Газета День Литературы # 101 (2005 1)
Шрифт:
Нельзя не сравнивать это с творчеством прежнего Распутина. В первую очередь вспоминается, конечно, "Живи и помни". В бедном в литературном смысле — пора сказать, наконец, правду — русском двадцатом веке это неожиданный шедевр. Прямо скажем, участь русской советской литературы сомнительна. Она вся находится в стадии "грубой, первоначальной культуры" (Ф.Ницше), она исполнена человеческой литературной неопытности. В стране (и в мире), где накоплен огромный культурный генофонд, отражающий весь путь минувших эпох, это настоящая опасность. Не следует увязывать, впрочем, всё это только с идеологическим аспектом. Оскудение отечественной литературы началось задолго до советского влияния на нее. В целом в русской литературе двадцатого века невозможно жить, не чувствуя себя на периферии культурного развита человечества. (Я перечитывал недавно Юрия Трифонова — впечатление кошмарное; точнее, отсутствие впечатления…)
Так
Обманчива внешняя простота этой книги, обманчива авторская речь, не приукрашенная никакими особенными метафорами. За этой простотой нет и тени наивности. Кажущийся бедностью аскетизм могут позволить себе владельцы настоящих сокровищ. Художник тогда мог позволить себе эту тонкую роскошь, немногословие свое и своих героев, — ведь всё это находится в рамках произведения, где мало говорится, но много делается. Поступки весомее слов и яснее, поэтому при всей скупости красок так отчетливо прорисованы характеры действующих лиц. Нелегко сформулировать исключительность сюжета "Живи и помни". Жизнь представляет бесчисленное количество сюжетов ежедневно, достаточно открыть газету, включить телевизор, поговорить с кем-то. Среди этого несметного числа писатель обнаружил нечто, удивительно совместившее простоту и величие, действительное и фантастическое. Из Великой войны он вынес не слезы, не кровь, не боль поражений, не ликование побед, а миф о всевластии судьбы, о роке, — не радостный и не печальный, но вечный в своем жизненном и эстетическом совершенстве. Это ли не свидетельство неугасающих сил этноса?! Вообще, как поразительно близко оказывается эта книга из жизни сибирской деревни произведениям греческих трагиков. Впрочем, если смотреть не на оболочку, а в суть вещей, то в этом родстве нет ничего удивительного.
В сравнении с "Живи и помни" сегодняшняя вещь Распутина — прежде всего произведение многословное, исполненное внешне и, если угодно, внутренне обилия авторских комментариев, подспудной тревоги перед возможным произволом собственного таланта, стремлением держать его под контролем.
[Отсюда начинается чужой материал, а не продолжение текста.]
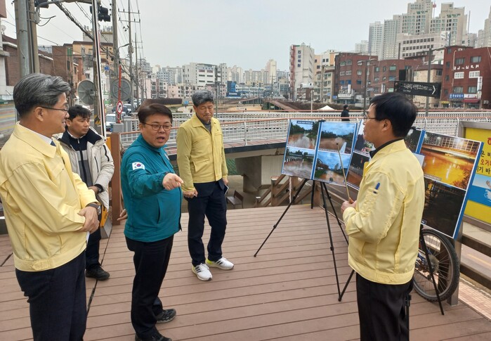 김동구 한강유역환경청장이 최근 서울 구로구와 경기 광명시에 위치한 목감천과 개봉1펌프장을 찾아 현장을 확인했다. 이날 김 청장은 목감천 저류지 설치 예정지 등을 방문하고, 개봉1펌프장의 운영현황 등을 점검하며 올해 홍수기 전까지 사전대비를 철저히 해줄 것을 당부했다. 사진은 김 청장(오른쪽 세 번째)이 목감천 개웅교를 찾아 현장점검을 하고 있는 모습. (사진=한강유역환경청 제공)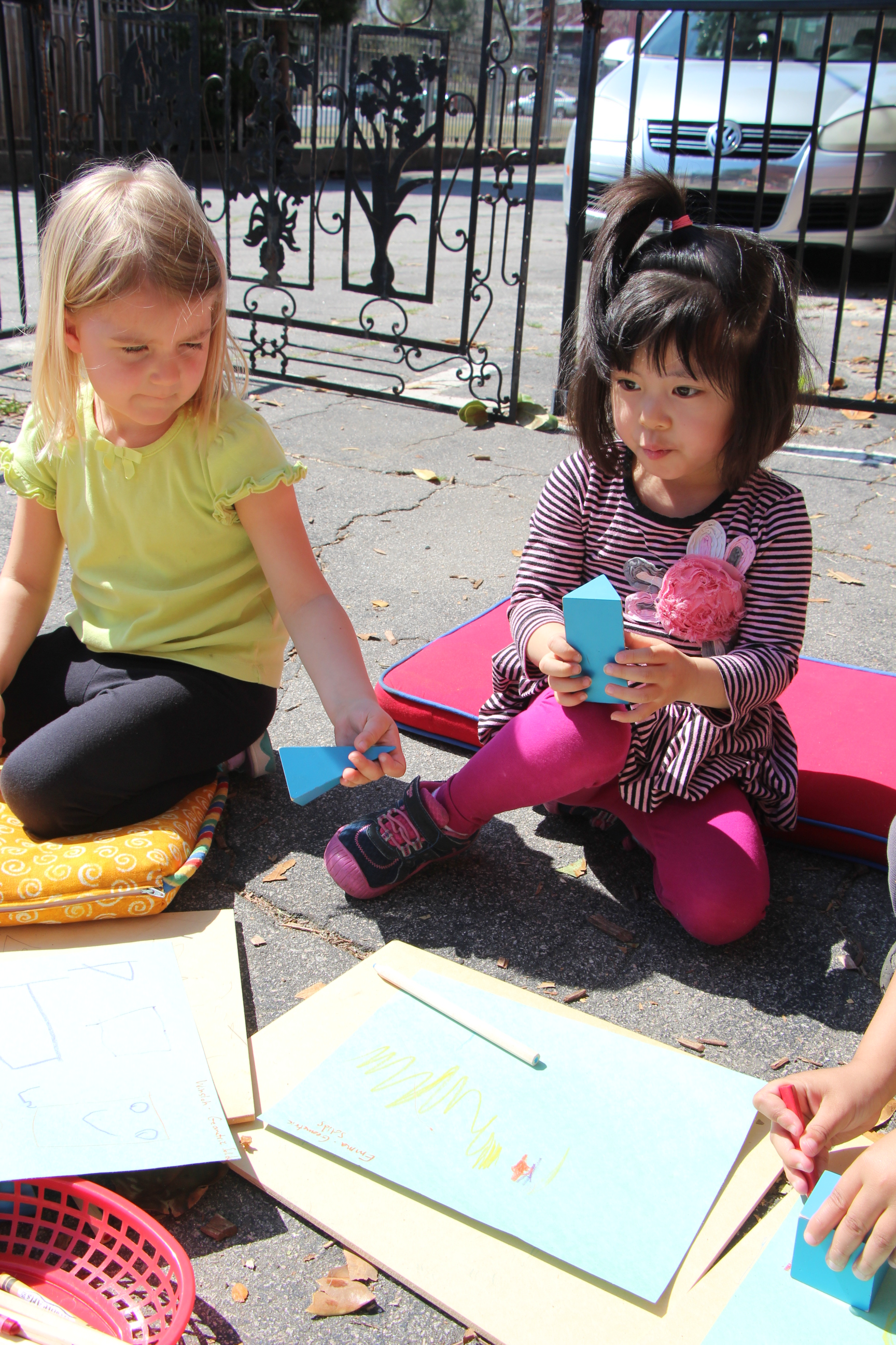In Angelique’s small groups, we focused on passing around our geometric solids, feeling these 3 dimensional shapes, and recognizing the names of shapes that make the solids.  For example, the rectangular prism has 4 rectangles and two squares.  We played memory games to learn a sphere, cylinder, cone, triangular prism, rectangular prism, cube, triangular based pyramid, square based pyramid, ellipsoid, and an ovoid.  On another day, we reviewed the names and had a drawing lesson that teaches the child to begin looking at the different shapes our eyes see when these objects are viewed at various angles.  First, Angelique took photos of the geometric solids and outlined the shapes on the photos.  She pointed out how shapes look different at different perspectives, for example, when we look at a cylinder just below eye level, the circle on the top can be drawn like an ellipse.  While not every child is going to grasp this concept right away, it got a lot of kids thinking and talking about the shapes they saw.  Many of them practiced drawing shapes while looking at geometric solids.  An additional lesson was given to interested students, training them to notice how the light source plays a role when coloring and shading our geometric solids.

Вот уж поистине: искусство во имя жизни, в данном случае — жизни своего этноса. Но какая за всем этим неуверенность, что у нации еще остались силы понимать игру и блеск искусства, какая боязнь "навредить" необдуманным словом, неосторожным поворотом сюжета, какое острое желание помочь не "словом", а "делом".
К чему вся эта игра, — словно бы восклицает писатель, — фантазия, блеск искусства, если книга создается на языке народа, который, может быть, через двести лет исчезнет, растворится в истории?
Всё сухо, уверенно написано и ровно, но за внешней оболочкой какая чувствуется глухая страсть, питающая редкую для сегодняшней литературы энергию повествования!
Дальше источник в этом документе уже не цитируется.